Noi, dalla cengia circolare, abbiamo impiegato 1 ora per
raggiungere il rifugio Auronzo, scendendo dalla vetta circa
30-60 minuti in più. |
Al termine del terzo tiro Alfio e Matteo si sono calati a
causa di un malore.
Nelle relazioni la via è
descritta con 20 lunghezze di corda, noi ne abbiamo fatte solo
15 accorpandone alcune corte.
Giunti alle cengia circolare si può salire in vetta mediante
la "Normale", II, III, 10 Mt. di III+. Noi però siamo scesi
poiché il tempo non prometteva niente di buono.
Riportiamo qualche passo scritto da Riccardo Cassin in occasione dell'apertura della via:
"[...] Abbiamo appetito. "Mangiamo qui?" - "Se rimandassimo al prossimo tiro di corda?"

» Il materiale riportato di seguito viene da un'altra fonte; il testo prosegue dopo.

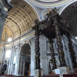 從西斯汀禮拜堂出去就通到##聖彼得大教堂 (Pic 7)內部了。真不愧是世界上最大教堂。被他的莊嚴感震懾到了,也看到不少人在裡面做禮拜。不久後便聽到教徒們唱起聖歌。之後準備登教堂頂!登頂票走路 6 歐,搭電梯 8 歐。來到梵諦岡最重要的行程就是要登頂啦!

Sette ore ci abbiamo messo a superare il tratto successivo: sette ore senza tregua, tirando il fiato appesi ai chiodi, lottando a denti stretti con la montagna che si difendeva accanitamente. Quattro ore ho impiegato per fissar eun chiodo su quella muraglia che mi buttava indietro, inesorabilmente. Alla fine ci sono riuscito. Il ferro è sicuro, ma sono giunto al termine delle corde: fra me e Ratti non ci sono punti dove egli possa sostare, e allora sale per circa dieci metri fino al primo chiodo saldo che incontra, fa due staffe con il cordino, si appende alla parete stando nel
vuoto e manovra le mie corde affinché io possa procedere. Lo avverto di fare attenzione, mi alzo di circa un metro al di sopra di quel chiodo che mi è costato tanta fatica e cerco di metterne un altro. Capisco però che il nuovo chiodo non dà affidamento e mentre tasto per fissarne uno più sicuro, quello parte e faccio un volo di circa un metro. Per fortuna il chiodo sotto tiene. Risalgo, riprovo, torno a volare, e ogni volta è uno sforzo estremo. Devo fare pause per rilassare i muscoli quel tanto che la posizione lo consente, e per scaricare la tensione nervosa. Tre volte volo, ma sono più testardo di questo cocciuto lastrone che mi sovrasta. E finalmente il chiodo entra [...]"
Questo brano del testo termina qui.